- Supreme Court of the United States

Argued January 16, 2002 Decided June 20, 2002
- Full case name: Rush Prudential HMO, Incorporated, Petitioner v. Debra C. Moran, et al.
- Citations: 536 U.S. 355 (more) 122 S. Ct. 2151; 153 L. Ed. 2d 375; 2002 U.S. LEXIS 4644; 70 U.S.L.W. 4600; 27 Employee Benefits Cas. (BNA) 2921; 15 Fla. L. Weekly Fed. S 409

Case history
- Prior: Moran v. Rush Prudential HMO, Inc., No. 98-cv-442, 1999 WL 417384 (N.D. Ill. June 15, 1999); reversed, 230 F.3d 959 (7th Cir. 2000); cert. granted, 533 U.S. 948 (2001).

Holding
- ERISA did not preempt an Illinois medical-review statute.

Court membership
- Chief Justice William Rehnquist Associate Justices John P. Stevens · Sandra Day O'Connor Antonin Scalia · Anthony Kennedy David Souter · Clarence Thomas Ruth Bader Ginsburg · Stephen Breyer

Case opinions
- Majority: Souter, joined by Stevens, O'Connor, Ginsburg, Breyer
- Dissent: Thomas, joined by Rehnquist, Scalia, Kennedy

Laws applied
- Illinois's Health Maintenance Organization Act Employee Retirement Income Security Act

= Rush Prudential HMO, Inc. v. Moran =

Rush Prudential HMO, Inc. v. Moran, 536 U.S. 355 (2002), was a decision by the Supreme Court of the United States in which the court held that the federal Employee Retirement Income Security Act (ERISA) did not preempt an Illinois medical-review statute.

ERISA envisions a national standard for welfare and pension plans so state laws which "relate to" ERISA plans are preempted under Section 514 of ERISA. However, ERISA contains a "savings" clause which saves state laws which regulate insurance under Section 514(b). The statute at issue in Moran regulated insurance, which is one of the functions HMOs perform.

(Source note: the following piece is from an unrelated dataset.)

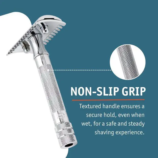 NO PLASTIC DESIGN: With a handle made of high-quality brass and a chrome finish, this double edge razor ensures long-lasting performance. It' s heavier than aluminum and plastic razors, delivering a smoother shave every time.

Although HMOs provide healthcare as well as insurance, the statute does not require choosing a single or primary function of an HMO. Congress has long recognized that HMOs are risk-bearing organizations subject to state regulation. Finally, allowing States to regulate the insurance aspects of HMOs will not interfere with the desire of Congress for uniform national standards under ERISA.

This case was partially overruled in Kentucky Ass'n of Health Plans, Inc. v. Miller, 538 U.S. 329 (2003).